İletişim fakültesi mezunu bir gazetecinin önündeki engellere değinen Sezer, “Çalışırken karşı karşıya kaldığımız sorunlara gelmeden önce işsiz iletişim fakültesi mezunları ve gazeteciler hakkında biraz konuşmak gerektiğini düşünüyorum. Öncelikle iletişim, çok fazla mezun veren fakat bu kadar kişinin istihdam edilebileceği bir alanın olmadığı bir sektör. Yani genç bir gazeteciye mesleği sorgulatan ilk şey bence işsizlik problemi” değerlendirmesini yapıyor.

"İş bulabilen arkadaşlarımızın birçoğu çalıştığı yerlerde patron baskısına, sansüre, mobbinge maruz kalıyor. Asgari ücretten çok daha az maaşa, 9 saati aşan sürelerde sigortasız çalışmak zorunda bırakılan birçok gazeteci var.?? Burada sözünü ettiğim veya daha başka problemler elbette zaman zaman mesleğimizi sorgulamamıza sebep oluyor. Fakat hakikati anlatmanın, kamu yararını gözeterek gerçekleri söylemenin bir bedeli olacaksa da bunun göze alınması gerektiğini düşünüyorum.
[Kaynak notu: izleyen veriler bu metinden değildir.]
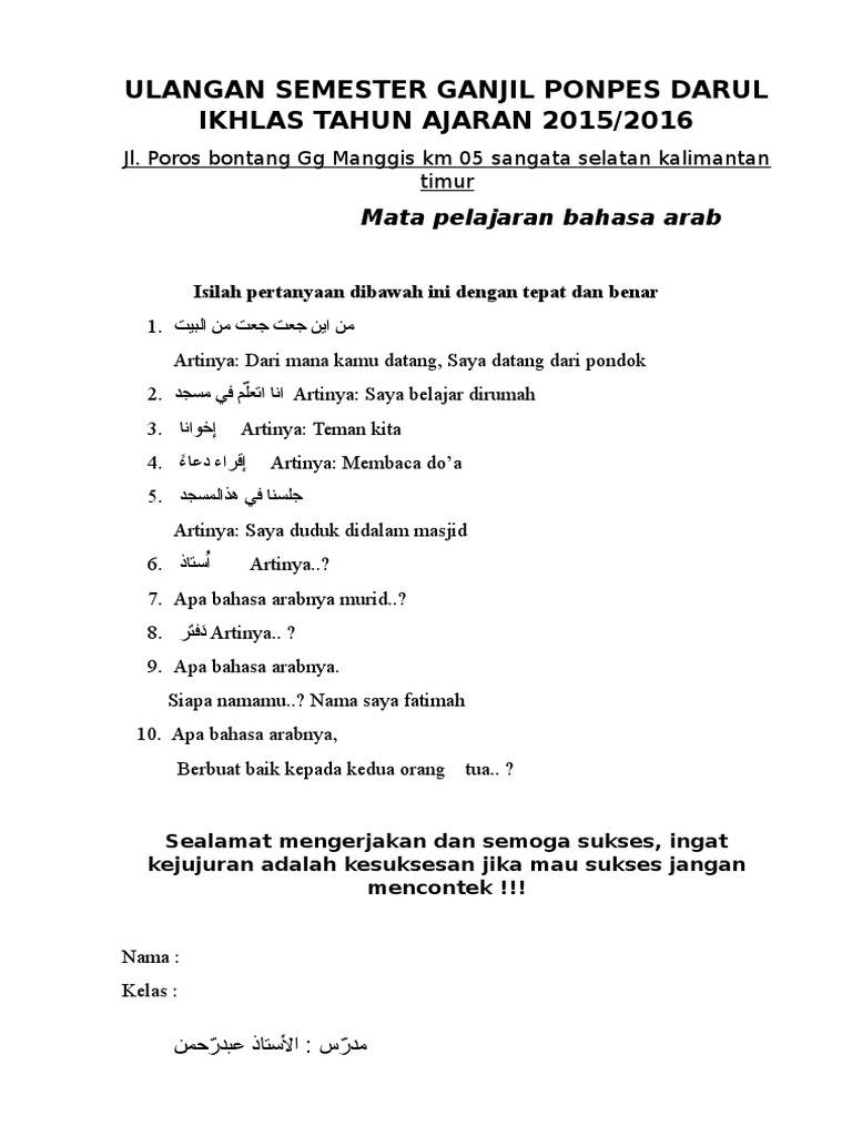 1 Nama Saya Fatimah 2 Dimana Rumahmu 3 Siapa Nama Mu Pr

Bana göre asıl yapmamız gereken şey karşı karşıya kaldığımız sorunlar sebebiyle mesleği bırakmak değil, daha iyi çalışma ve yaşam koşulları için hep birlikte mücadele etmek.” 
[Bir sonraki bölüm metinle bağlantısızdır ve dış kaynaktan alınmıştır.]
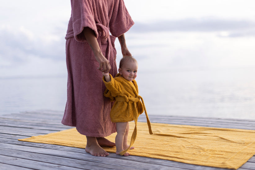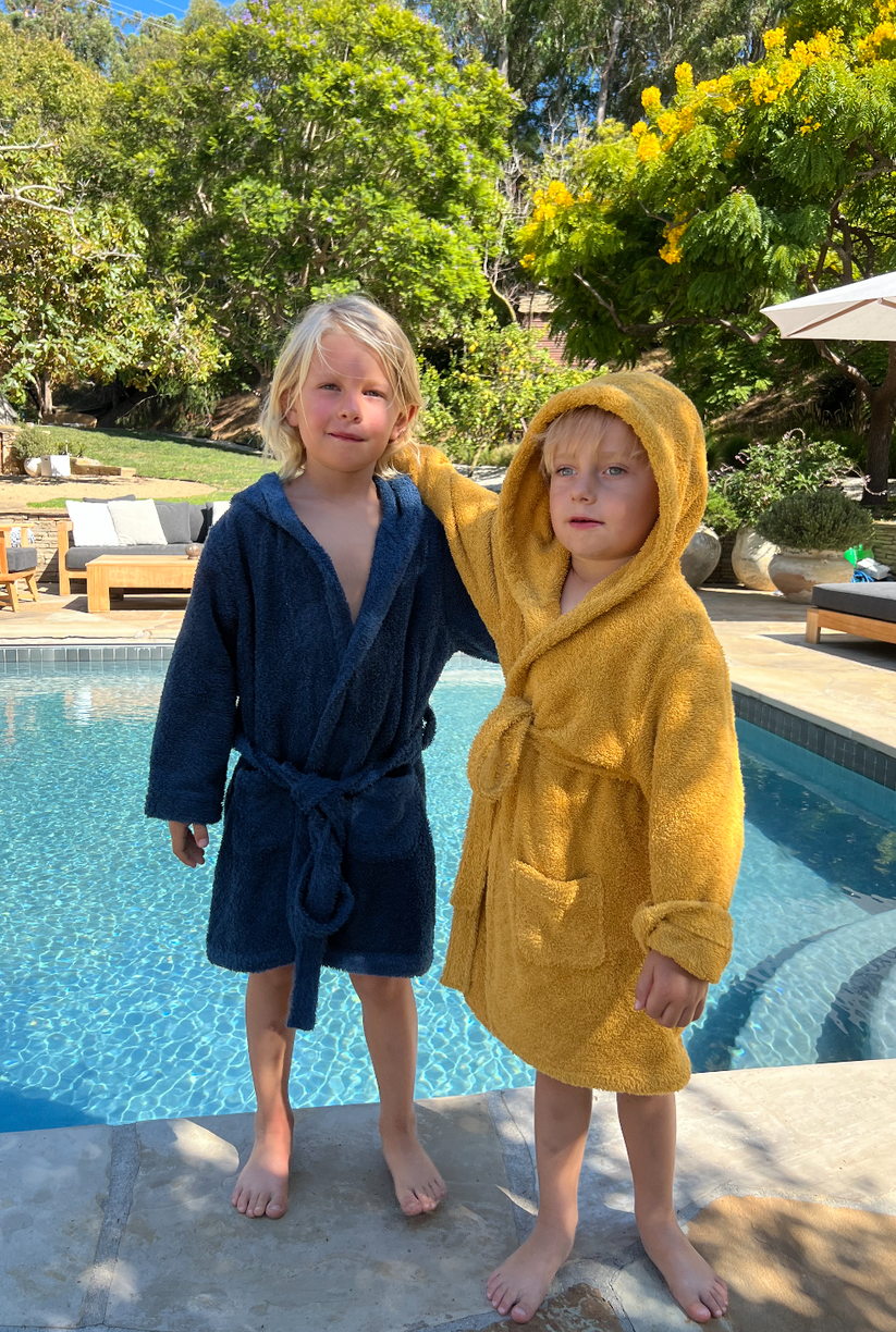 Simone Fan's Kids Robe is a classic robe shrunk down to adorable children's sizes. Open front robe in plush terry. Front side pockets and removable sash tie closure included.

“Gazeteciler için en büyük bir risk: Tutuklanma”

Gazetecilik mesleğinin önünde herhangi bir engel olmadığını aktaran Sezer, “Açıkçası, ben özellikle de sosyal medya kullanımının böylesine yaygınlaştığı bir dönemde gazetecilik yapmanın önünde herhangi bir ‘’engel’’ olabileceğini düşünmüyorum. Tabii bir yere bağlı çalışıldığı durumda baskı veya sansüre maruz kalmak elbette karşılaşabileceğimiz bir durum fakat teknolojinin böylesine geliştiği bir dönemde bazı şeyleri göze alarak gerçekleri bir şekilde duyurmanın birçok yolu var. Türkiye’de en az 42 gazeteci ve medya çalışanının cezaevinde olduğunu, her gün onlarca gazeteciye haberleri sebebiyle dava açıldığını düşündüğümüzde, gazetecilik yapma konusunda bence yine de ‘’engel’’ olarak sayılamayacak fakat gazeteciler için büyük bir risk sayılabilecek bir başka durumun ise tutuklanma tehlikesi olduğunu söyleyebilirim” ifadelerini aktarıyor.